The term "B-movie" gets tossed around pejoratively, but here's the honest truth: Good B-movies like Premium Rush may be rarer than any other kind of movie.
Back in the day, B-movies were films made quick and cheap for the back end of double features. In more recent years, "B-movie" has become shorthand for all sorts of genre pictures: low-budget horror, science fiction, suspenseful thrillers, gritty crime dramas. These films are wonderful junk food in a balanced movie diet, but their creators often fail to make the simple elements satisfying. That's why David Koepp is a cinematic treasure. He can turn these elements into something fulfilling as both a writer (Spider-Man, Panic Room) and a writer-director (The Trigger Effect, Stir of Echoes). Premium Rush proves that he's fully digested the B-movie requirements.
- Lean, stripped-down premise. Koepp casts Joseph Gordon-Levitt as Wilee, a bike messenger who careens through Manhattan, intent on getting from Point A to Point B as quickly as possible. When a valuable item must be delivered by a deadline, a breakneck chase-race begins - and continues for 80 action-packed minutes. There's also a romance with fellow bike messenger Vanessa (Dania Ramirez), but Wilee seems far more enamored of his need for speed.
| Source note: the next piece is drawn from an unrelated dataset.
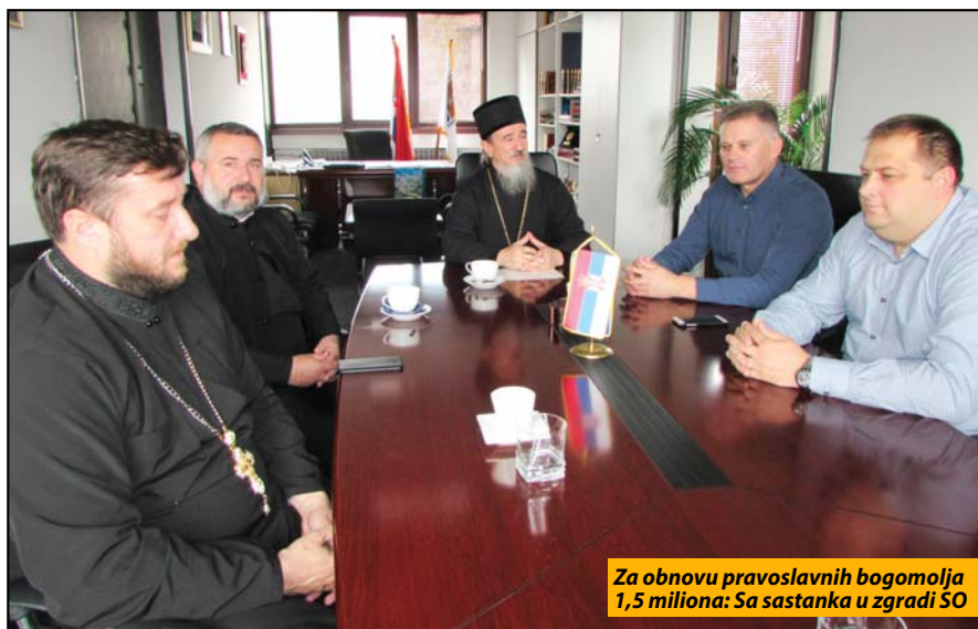
Za obnovu pravoslavnih bogomolja 1,5 miliona: Sa sastanka u zgradi SO

- Opština je putem konkursa iz budžeta za ovu godinu izdvojila oko 1,5 miliona dinara za obnovu pravoslavnih bogomolja, a pokušaćemo da u budućnosti finansijska podrška bude značajnija - kaže Bjelić. Ovo je, inače, bila prva poseta vladike Opštinskoj upravi nakon što je letos izabran za episkopa Mileševskog. R. P.

- A quality antagonist. Sometimes the B-movie villain is the hero's own psychology; other times it's a flesh-and-blood bad guy. Here it's the latter, in the form of an NYPD detective named Monday (Michael Shannon). This guy has serious gambling debts and not much time to pay off his creditors, hence his eagerness to relieve young Wilee of his special envelope. Shannon has gotten lots of mileage out of simmering menace and whack-a-do craziness, both of which are showcased here. He busts out full-throated cackles of lunacy and more subtle forms of manipulation, all with evident glee.
- Simple but satisfying flourishes. Unlike some writers, Koepp knows how to accentuate his premise with a well-chosen visual style. In Premium Rush, the cameras zip upward for overhead shots of Wilee's planned routes and weave through tight traffic as quickly as his bike. The most effective gimmick is when the audience goes inside Wilee's head to watch him decide which car-dodging method is least likely to result in death.
Koepp stumbles a bit when he backtracks to fill gaps with extra information about the characters: what the mysterious money ticket represents for Vanessa's roommate (Jamie Chung); how Monday got in such big trouble with such rough customers; how Wilee and Vanessa became a couple. These details don't matter. If anything, they're for tricking the audience into thinking this is something besides a B-movie. Luckily, it is a B-movie - and a smart one at that. You keep the Oscar-bait, and I'll keep this film, which leaves me with a gasp and a giddy smile.